Schemes of cardiac irradiation. All mice received the contrast agent FenestraVC through tail vein injection, followed by CBCT and radiation delivery. The radiation beam was targeted at the apex of the heart with a 3 × 3 mm2 collimator at a dose of 20, 40, or 60 Gy, with conformal radiotherapy (RT) implemented at the latter two doses. Radiation was alternatively targeted at the apex of the heart and a portion of the left lung at a dose of 40 Gy using two opposing AP/PA 20 Gy beams.
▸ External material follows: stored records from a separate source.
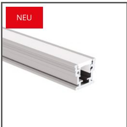
HR-MAX A01829+A01827+A01828 Ref. arch C1829+C1827+C1828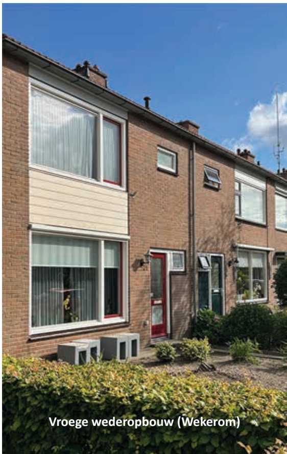
Vroege wederopbouw (Wekerom)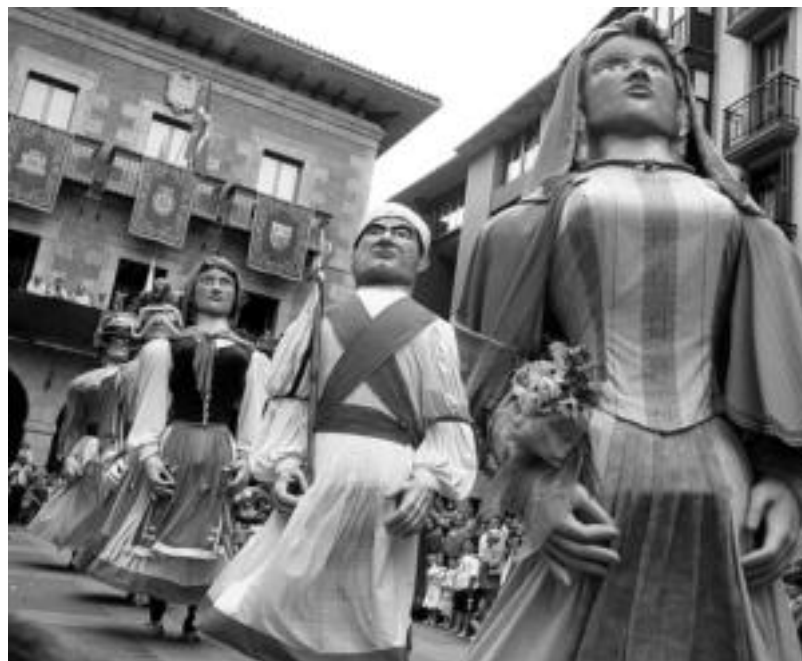
Hainbat denbora geldirik egon ostean, berriro ere Tolosako kaleak hartuko dituzte erraldoiek.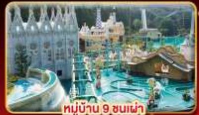
หมู่บ้าน 9 ชนเผ่า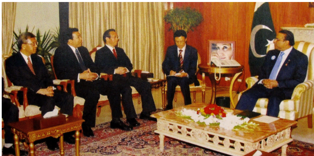
审计署署长与国家审计署审计长刘家义先生(右三)及巴基斯坦总统阿西夫·阿里·扎尔达里(右一)合照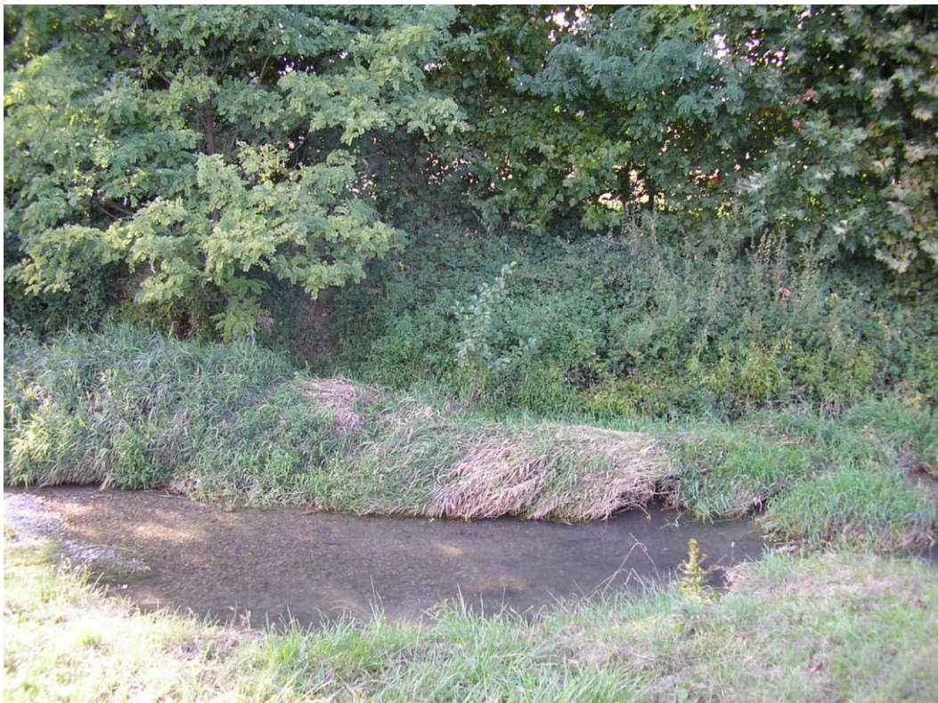
Foto B.9 Punto nel quale si effettuerà un attraversamento della Roggia Longhella.

To deliver doses of 40 Gy (n = 20) and 60 Gy (n = 20) while minimizing skin toxicity and ulceration, we used a novel radiotherapy plan based on our treatment scheme for 20 Gy PH radiotherapy, involving conformal radiotherapy delivered over a 75o arc, again using a 3 × 3 mm2 beam (Fig. 2A and B). This treatment scheme reduced the maximum dose delivered to the skin almost 2-fold (Supplementary Fig. S2B). Finally, to evaluate the potential indirect effects of lung irradiation on cardiac injury, PHL irradiation to 40 Gy (n = 20) involving approximately 40% of the left lung volume was carried out using two opposing anterior-posterior posterior-anterior (AP/PA) 3 × 3 mm2 beams, each delivering a 20 Gy dose to the isocenter selected at the LV apical wall (Fig. 2C and D). The increase in radiotherapy dose delivery to the lung with this treatment scheme can be seen in Supplementary Fig. S2B. Corresponding staining at 1 hour after conformal radiotherapy to 40 and 60 Gy revealed localized DNA damage extending up to 1 mm beyond the 3 × 3 mm2 border in the lower third of the heart (Supplementary Fig. S2B), in the area of dose fall-off. Results from lung tissue staining after conformal radiotherapy confirmed the absence of lung tissue DNA damage (Fig. 2D and E). Conversely, clear and localized DNA damage confined to a 3 × 3 mm2 area in the left lung was detected in the radiotherapy scheme involving AP/PA beams (Fig. 2F).

Figure 2.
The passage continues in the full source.